Document type: Implementation plan. Scope: crates/, src/archetype/core/aio/, and the Python adapter layer that will bridge them.

This plan describes the migration from the current Python async core prototype to a Rust core engine built on arrow-rs, tokio, the Arrow C Data Interface, and an append-only Parquet store. It is an HTN-style plan: each phase decomposes into ordered tasks, explicit products, acceptance checks, and dependencies.

Current Definition of Done

The next feature is not "rewrite Archetype in Rust." The feature is:

A Rust Arrow/Parquet tick kernel, callable from the existing Python runtime boundary, passing core parity tests against the Python async world, with benchmarks showing reduced per-tick overhead without taking over app, runtime, auth, audit, or broker semantics.

Rust Owns

  • Arrow schema composition after Python supplies component schemas.
  • Archetype table descriptors after Python supplies table names.
  • Spawn, despawn, update, component migration, and tick materialization.
  • Active live snapshots below the service layer.
  • Processor scheduling for native processors.
  • Local append-only Parquet storage for the benchmark/control backend.
  • Arrow C Data Interface import/export and ABI diagnostics.

Python Owns

  • ArchetypeRuntime, service container, API, CLI, and docs examples.
  • RBAC, quotas, audit emission, command broker ordering, and command policy.
  • Python component classes and table-name hashing.
  • Python processors, hooks, resources, and object lifetimes.
  • Daft/Iceberg/LanceDB production paths until a later storage boundary is explicitly accepted.

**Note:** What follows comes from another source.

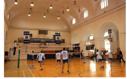
Juniorzy MOS II Wola w czasie meczu w hali przy Rogalińskiej

Po meczu pierwszego zespołu juniorów do swojego meczu w II lidze mazowieckiej przystąpili siatkarze drugiego zespołu juniorów MOS Wola, który jest oparty na młodszych zawodnikach z rocznika 1997.

Non-Goals for This Feature

  • No Rust ownership of auth, audit, command routing, or runtime handles.
  • No Iceberg catalog/transaction implementation.
  • No LanceDB implementation.
  • No DataFusion query planner unless parity proves simple Parquet scans are the bottleneck.
  • No cuTile-rs integration inside the engine. GPU work is a processor backend experiment, not world-state ownership.
  • No PyO3 requirement. Arrow C Data remains the native boundary unless packaging forces a separate decision.

0. Constraints

The following decisions are fixed for this migration:

  • The async Python implementation is the behavioral reference.
  • A component is an Arrow schema. Rust does not model Python component classes as the canonical component identity.
  • Rust does not own table-name hashing. Table names are supplied by the caller, preserving the current Python naming policy until a separate policy change is made.
  • Data crosses the native boundary through the Arrow C Data Interface.
  • Lance storage is out of scope for the first Rust engine. The first native store is append-only Parquet.
  • Python remains the runtime, API, CLI, auth, audit, and beginner-facing surface.
  • cuTile-rs is not part of the core engine plan. It remains a possible future processor accelerator for dense numeric component columns.

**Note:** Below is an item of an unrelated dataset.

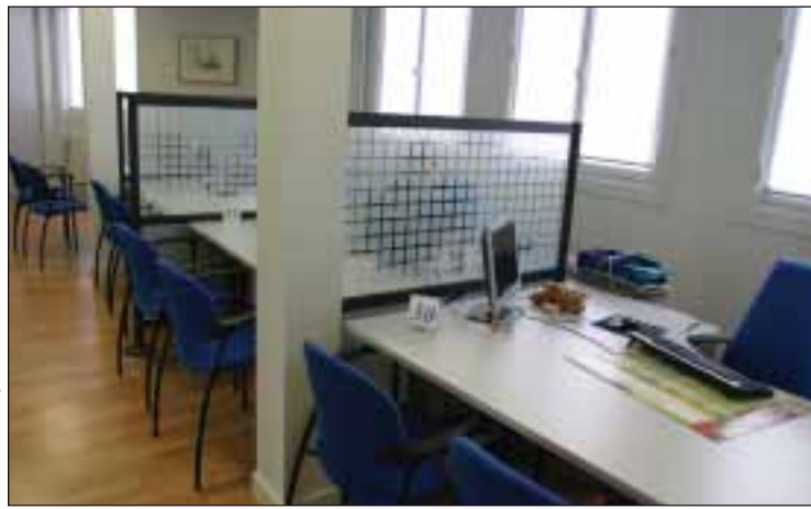
Consulados podem fechar no dia 4 de março

"Temos muitas razões para fazer greve" diz o Comunicado do STCDE. "Queremos estatutos profissionais respeitados, queremos a atualização devida, equiparações salariais e respeito pelo salário mínimo nacional, queremos avaliação justa, competente e honesta, queremos segurança social para todos e queremos créditos sindicais conforme acordado". Por todas estas razões, o STCDE adere à greve nacional da função pública marcada para o dia 4 de Março, quinta-feira da próxima semana. Os dirigentes do STCDE dizem que o Governo, tem-se "recusando a responder aos pedidos de abertura de negociações, pretende aplicar a prevalência da legislação local aos trabalhadores dos serviços externos, conforme consta dos contratos que vem mandando assinar, à revelia do Regime de Contrato de Trabalho em Funções Públicas" e mostram-se também solidários para com os trabalhadores do Instituto Camões. "O Gover-

Daft's native extension authoring guide is the reference for the boundary shape: use ArrowSchema and ArrowArray as the stable ABI, and convert into arrow-rs types inside Rust.

1. Target Architecture

Python runtime / app / API / CLI
        |
        | Arrow C Data Interface
        v
crates/archetype-ffi
        |
        v
crates/archetype-core
  - Arrow schema composition
  - world state machine
  - mutation buffers
  - tick materialization
  - query/update/store traits
        |
        v
crates/archetype-parquet
  - append-only local Parquet store

The Python service layer continues to enforce governance and audit. Rust owns the engine invariants below the service layer.

2. HTN Root Task

Task: make Rust the canonical implementation of Archetype's core engine semantics without breaking the Python public surface.

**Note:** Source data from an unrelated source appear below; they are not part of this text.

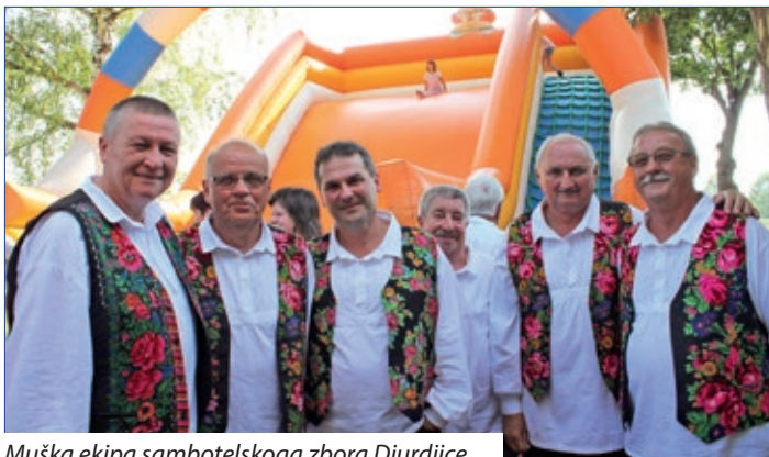
Muška ekipa sambotelskoga zbora Djurdjice
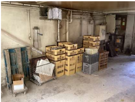
37 - Lot de caisse à pain + plaques + chariots
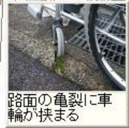
路面の亀裂に車輪が挟まる
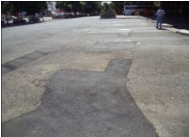
Pátio com todos os buracos recuperados 30/4/24
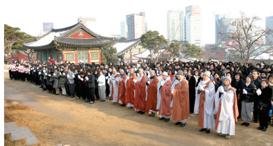
이운을 마친 스님들과 신도 500여 명이 고불식을 하고 있다.

글=이나은 기자 oasis1983@hyunbul.com
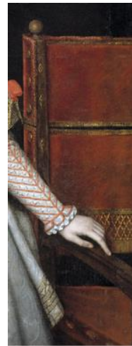
Bartolomé González, La Reina Ana de Austria, cuarta esposa de Felipe II (detalle).
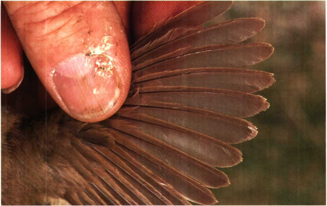
109 Struikrietzanger Acrocephalus dumetorum , Lelystad, Flevoland, 26 juni 1990
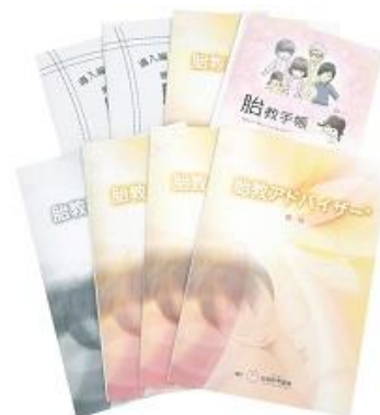
テキスト8種イメージ

The root decomposes into these phases:

  1. Preserve and name current async semantics.
  2. Add the Rust workspace and core crates.
  3. Implement Arrow-native schema and world primitives.
  4. Implement append-only Parquet storage.
  5. Add the Arrow C Data Interface boundary.
  6. Bridge Python to Rust behind the existing async core API.
  7. Migrate runtime/service paths incrementally.
  8. Retire duplicated Python core semantics.
  9. Explore optional native processor acceleration.

2.1 Execution HTN

The executable task network is intentionally narrower than the long-term migration. Each leaf has a concrete artifact and can run when its dependencies are satisfied.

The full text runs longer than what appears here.